How to Build a Locale‑Aware Word Counter Using Intl.Segmenter

4 March 2026 by

Suraj Barman

Intl.Segmenter provides a standard API for breaking strings into locale‑specific units such as graphemes, words, or sentences, allowing developers to write language‑agnostic text processing code.

Creating a Segmenter Instance

Instantiate the segmenter with a locale identifier and an options object that defines the desired granularity. This object determines how the input text will be partitioned.

Use new Intl.Segmenter(locale, {granularity: word}) for word‑level splitting.
Pass ja-JP for Japanese, hi for Hindi, etc.
The constructor throws a RangeError if the locale is unsupported.
Store the instance for reuse to avoid repeated construction overhead.

Granularity Options

The granularity field can be set to grapheme, word, or sentence. Choose the level that matches your use case.

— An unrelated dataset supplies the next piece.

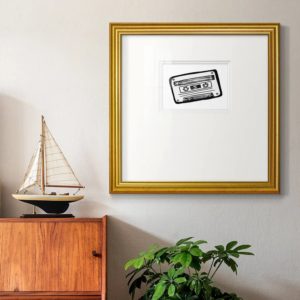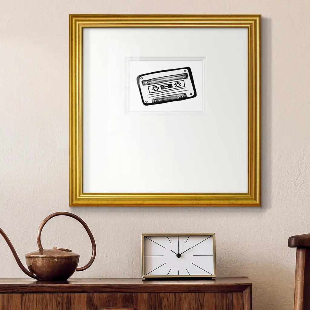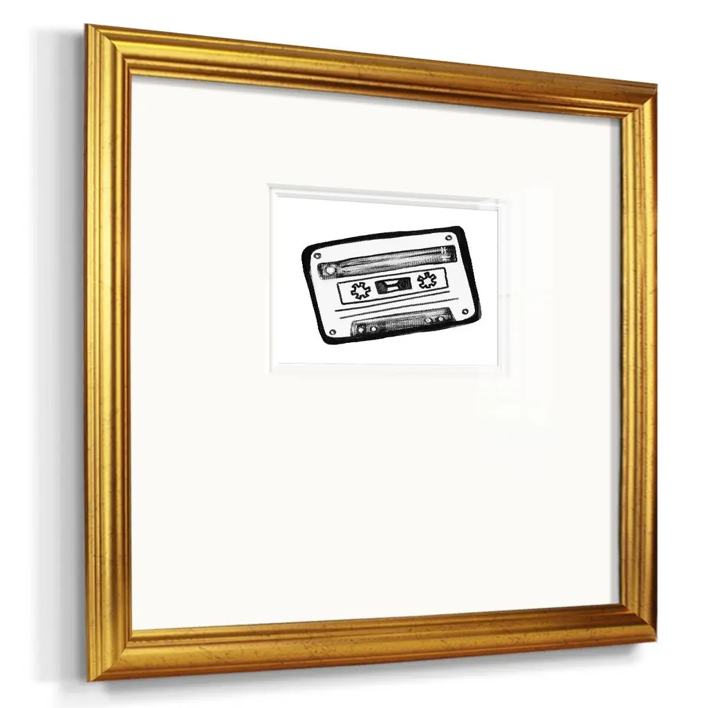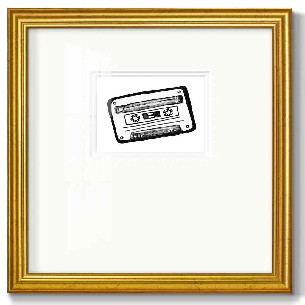 Cassette SketchPremium Framed Print A framed cold pressed paper print featuring superior double matting and quality frame. 2 SIZES AVAILABLE 16''X16''' - Overall Size 20''X20''' - Overall Size Each piece is made to order. Each piece comes with hanging hardware. Made in the USA Ready to Hang Giclee Paper Print Plexiglass Beveled Matt Board Double Matte Board

grapheme: splits at user‑perceived characters, useful for character counters.
word: separates lexical items while flagging punctuation via isWordLike.
sentence: isolates complete sentences, handling language‑specific end marks.
Default granularity is grapheme when no option is supplied.

Filtering Word‑Like Segments

After segmentation, filter out non‑word tokens by checking the isWordLike boolean. This yields a clean array of lexical items.

Convert the iterator to an array with Array.from(segmenter.segment(text)).
Apply .filter(item => item.isWordLike) to drop punctuation.
Map the remaining objects to item.segment to extract plain strings.
The resulting array can be counted with .length for an accurate word total.

Checking Locale Support

Before deploying, verify that the target browsers support the required locales using Intl.Segmenter.supportedLocalesOf. This prevents silent fallbacks.

Provide an array of locale strings to the method.
The return value contains only the locales that are guaranteed to work.
If the array is empty, consider a polyfill or an alternative approach.
Combine this check with feature detection for broader compatibility.

Practical Example: Interactive Word Counter

The following snippet attaches a mouseup listener to a paragraph, runs a Japanese word segmenter on the selected text, and displays the count in a <pre> element.

Retrieve the selection with window.getSelection().
Pass selection.toString() into a Intl.Segmenter(ja-JP, {granularity: word}) instance.
Filter with .filter(item => item.isWordLike) and map to item.segment.
Update the UI by setting preElement.textContent = words.length.
For large‑scale apps, see our guide on real‑time orchestration for patterns that also apply to text pipelines.

By following these steps, developers can replace fragile regular‑expression hacks with a reliable, locale‑aware solution that works across modern browsers.